On October 20, 2005, Polaris Industries Inc. (the "Company") issued a news release announcing that Stefan Pierer has been appointed as a director of the Company effective October 20, 2005. The Board of Directors of the Company has also appointed Mr. Pierer to serve on the Technology Committee of the Board Directors.

As previously reported on the Current Reports on Form 8-K filed by the Company with the Securities and Exchange Commission on July 19, 2005, August 11, 2005 and September 7, 2005, the Company, through its Austrian subsidiary, purchased a 24.9% interest in KTM Power Sports AG ("KTM") from an institutional investor and entered into a Call Option Agreement (the "Call Option Agreement") with respect to the shares of KTM with Cross Industries AG ("Cross"). The shareholders of Cross are Pierer GmbH and Knünz GmbH, each beneficially owning 50% of the share capital and the voting rights of Cross. Mr. Pierer beneficially owns 100% of the share capital and the voting rights of Pierer GmbH.

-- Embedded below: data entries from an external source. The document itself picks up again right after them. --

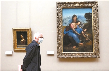 9月25日,一名男子在法国巴黎卢浮宫参观。 新华社记者 高静 摄
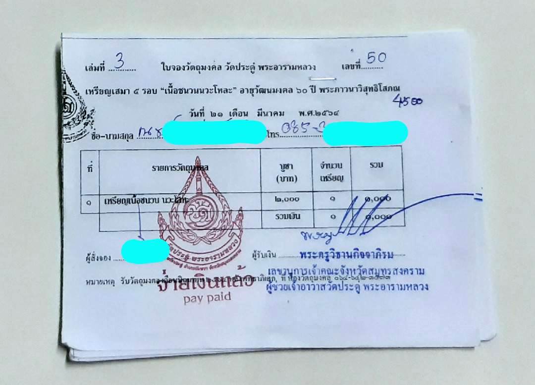 ใบจองพระมหาสุรศักดิ์ เสมา 5 รอบ นวะ ฯ
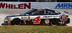 It was officially confirmed on January 22, 2013, that Harvick would be switching teams and joining Stewart-Haas for the 2014 season. Harvick and Childress said the parting was mutual and that it was time for Harvick to move on. Stewart-Haas Racing did not confirm what sponsor or number Harvick would be given. During the official reports it was reported, but not officially told, that Budweiser was interested in staying with Harvick.[21] On July 12, 2013, it was confirmed that Harvick would drive the No. 4 Chevrolet, and would replace Ryan Newman, who parted ways with Stewart-Haas Racing at the end of the season. Harvick retained Budweiser as his primary sponsor for 21 races, with Jimmy John's sponsoring the remaining races for the 2014 season.[22] In October, it was announced that Harvick would also run a partial schedule in the Nationwide Series in 2014, competing in a minimum of twelve races for JR Motorsports.[23] Despite a second-place finish in his Budweiser Duel in a photo finish against Matt Kenseth and Kasey Kahne, Harvick failed post-race inspection, and his Duel finish was disallowed. As a result, Harvick started the Daytona 500 in 38th, getting in the 500 on a Provisional. Harvick ran upfront during the Daytona 500, but was caught up in a last-lap crash leaving turn four, and was scored in the thirteenth position.
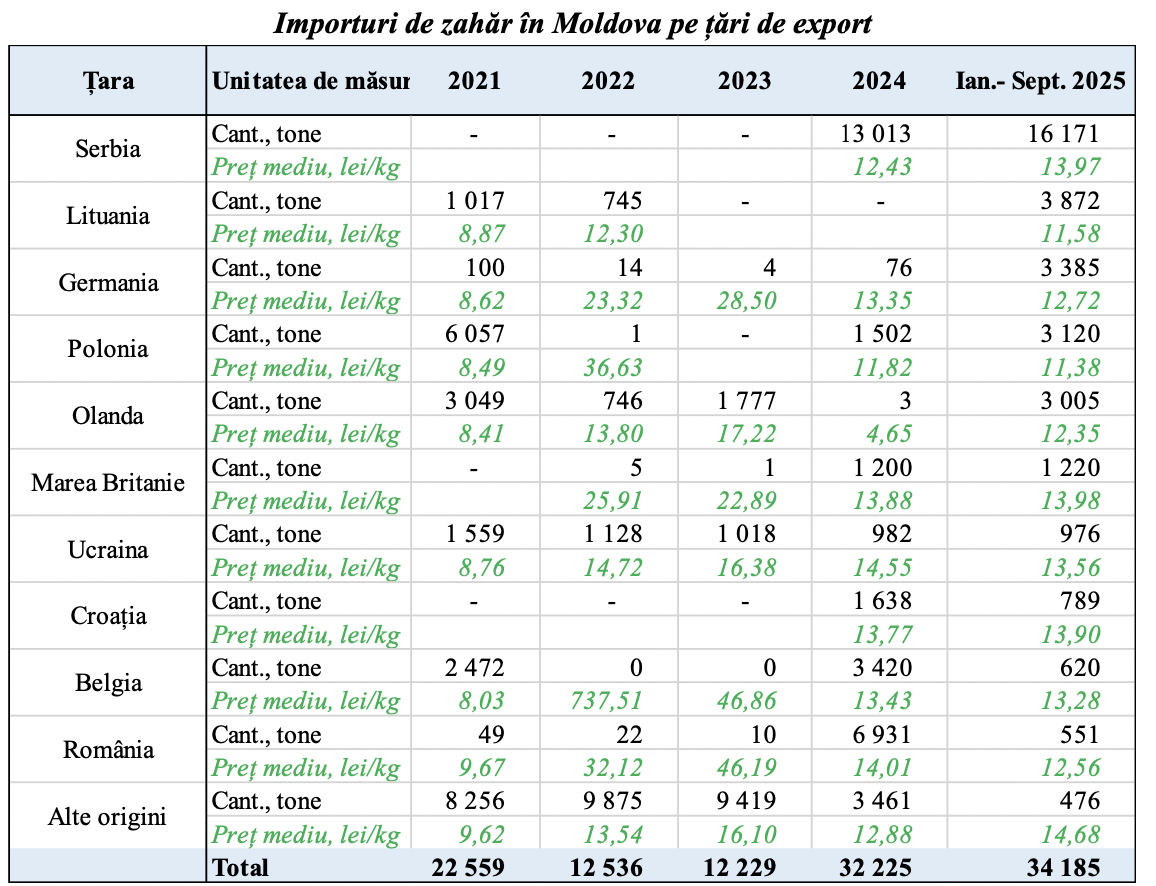 În perioada anului 2024 și ianuarie – septembrie 2025, Serbia a devenit principala sursă de zahăr importat în Republica Moldova, livrând împreună peste 29.000 de tone – mai mult de 45% din volumul total al importurilor din perioadă. Prețul mediu al zahărului din Serbia s-a situat la 12,43 lei/kg în 2024 și 13,97 lei/kg în 2025, sub nivelul mediu intern. Fără taxe vamale datorită regimului CEFTA (până la intervenția guvernului din octombrie 2025), zahărul sârbesc a fost principalul motor al importurilor masive care au pus presiune pe producția autohtonă.
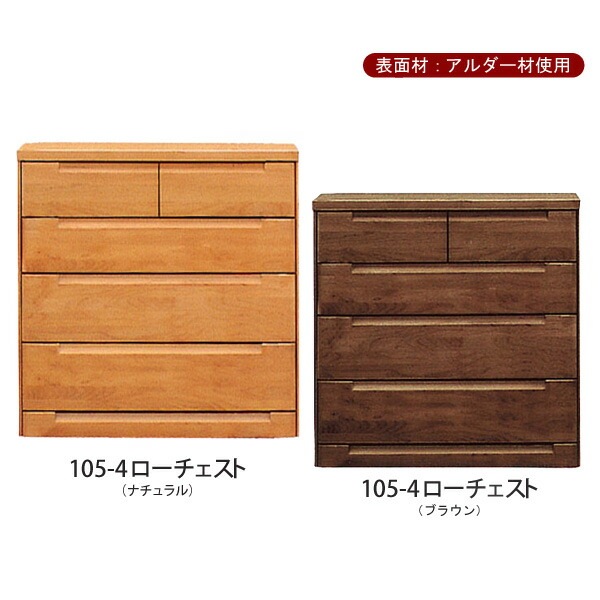 ローチェスト タンス たんす 幅105cm 4段 引出し箱組み レール付き 底板12mm ナチュラル ブラウン 日本製
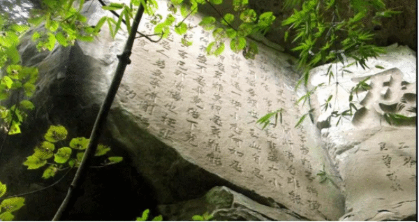 除了原生态的自然风光,漫山如雪覆盖的李花,观音岩附近的耍事也不少。除了千年桃李林,还有古刹宝林寺、千年写字崖、古驿道、千年梨树王、观音庙等丰富的地理历史文化资源。千年写字崖也很有特色,千米的石崖,被藤蔓和荆棘遮掩,各种碑文、题记隐藏其中,最出名的要数“忍”字崖了
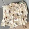 Pijamas de algodón con dibujos animados para mujer, ropa de dormir fina de manga larga con pantalones, para el hogar, venta al por mayor, novedad de primavera y otoño
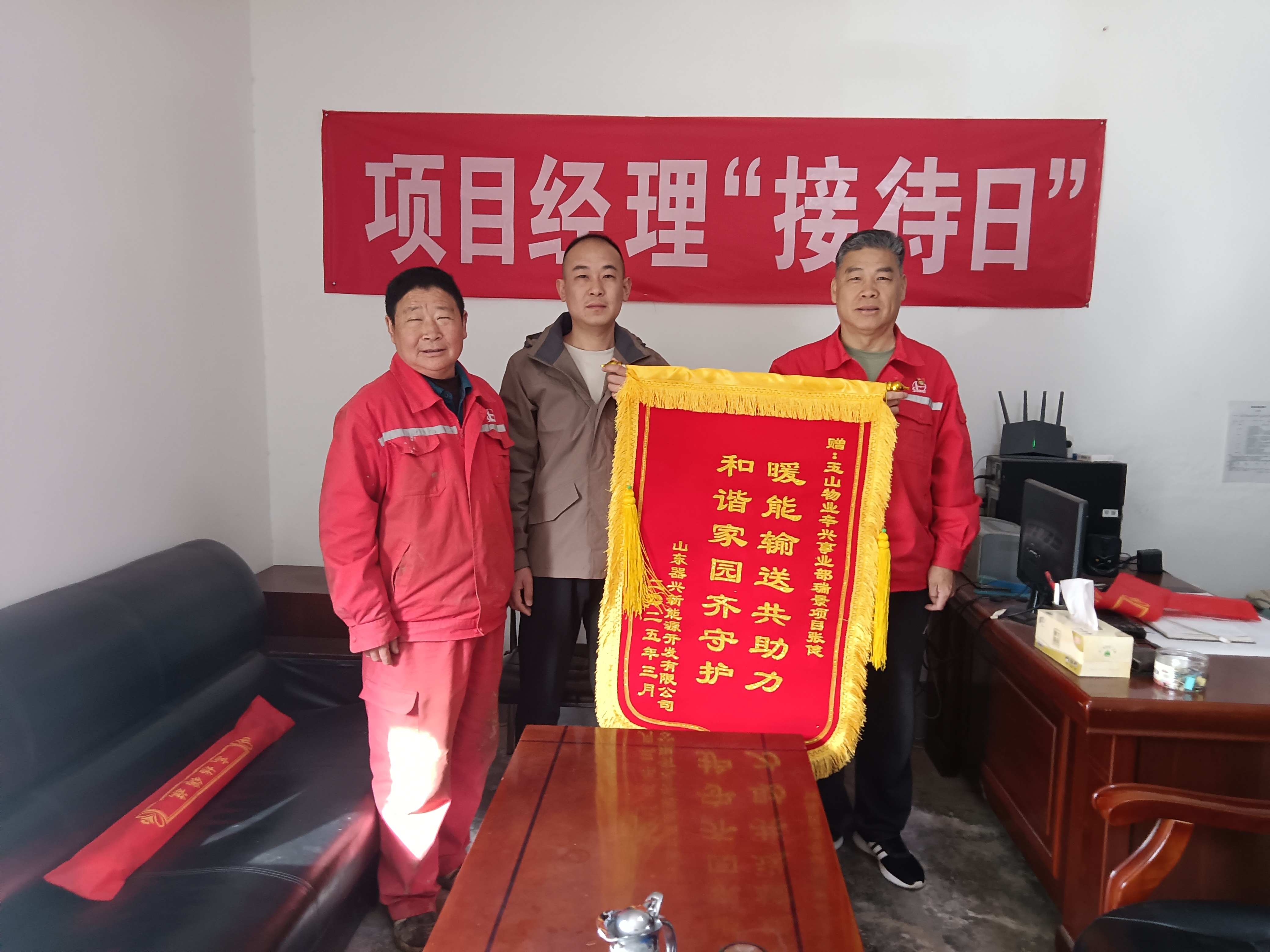 3月24日上午9点左右,胜利玉山物业辛兴事业部瑞景项目经理张健的办公室来了他们熟悉的一个老朋友:山东器兴新能源开发有限公司负责瑞景小区供暖的负责人,他手中还拿着一面写有“和谐家园齐守护 暖能输送共助力”的锦旗。他郑重的用双手把锦旗交到了张健手中,并不停的说着“谢谢”。

The Call Option Agreement grants each party a series of call rights to acquire the other’s ownership interest in KTM, which rights generally become exercisable after the end of the third quarter in October 2007. Upon the occurrence of certain events, such as the death of key members of KTM’s management or a change in control of the Company, the vesting of these call rights may be accelerated. The purchase price per share for the call rights will be formula-based depending, in part, upon the financial performance of both companies for the 12-month period ending on the measurement date. In the event the Company exercises its call right, the purchase price may be payable in cash or a combination of cash and shares of the Company’s common stock; however, the Call Option Agreement provides that the price must be paid entirely in cash if, at the time such price becomes payable, Mr. Pierer is not serving as a member of the Company’s Board of Directors for any reason other than death, disability, resignation or because Mr. Pierer declined to stand for election to the Company’s Board of Directors. The foregoing description of the terms of the Call Option Agreement is qualified in its entirety by reference to the Call Option Agreement, which is attached as Exhibit 2.1 to the Company’s Current Report on Form 8-K filed with the Securities and Exchange Commission on July 19, 2005.

A copy of the news release announcing Mr. Pierer’s election to the Board of Directors is attached to this report as Exhibit 99.1 and is incorporated herein by reference.





Item 8.01 Other Events.

On October 20, 2005, the Company also issued a news release announcing the declaration of a quarterly dividend and announcing that its Board of Directors increased the Company’s common stock share repurchase authorization by 4.0 million shares, bringing the number of shares remaining available for repurchase under the current authorization to 5.0 million shares. Since 1996, the Company has repurchased approximately 22.0 million shares of its common stock under its share repurchase program. A copy of the related news release is attached as Exhibit 99.2 to this Current Report on Form 8-K.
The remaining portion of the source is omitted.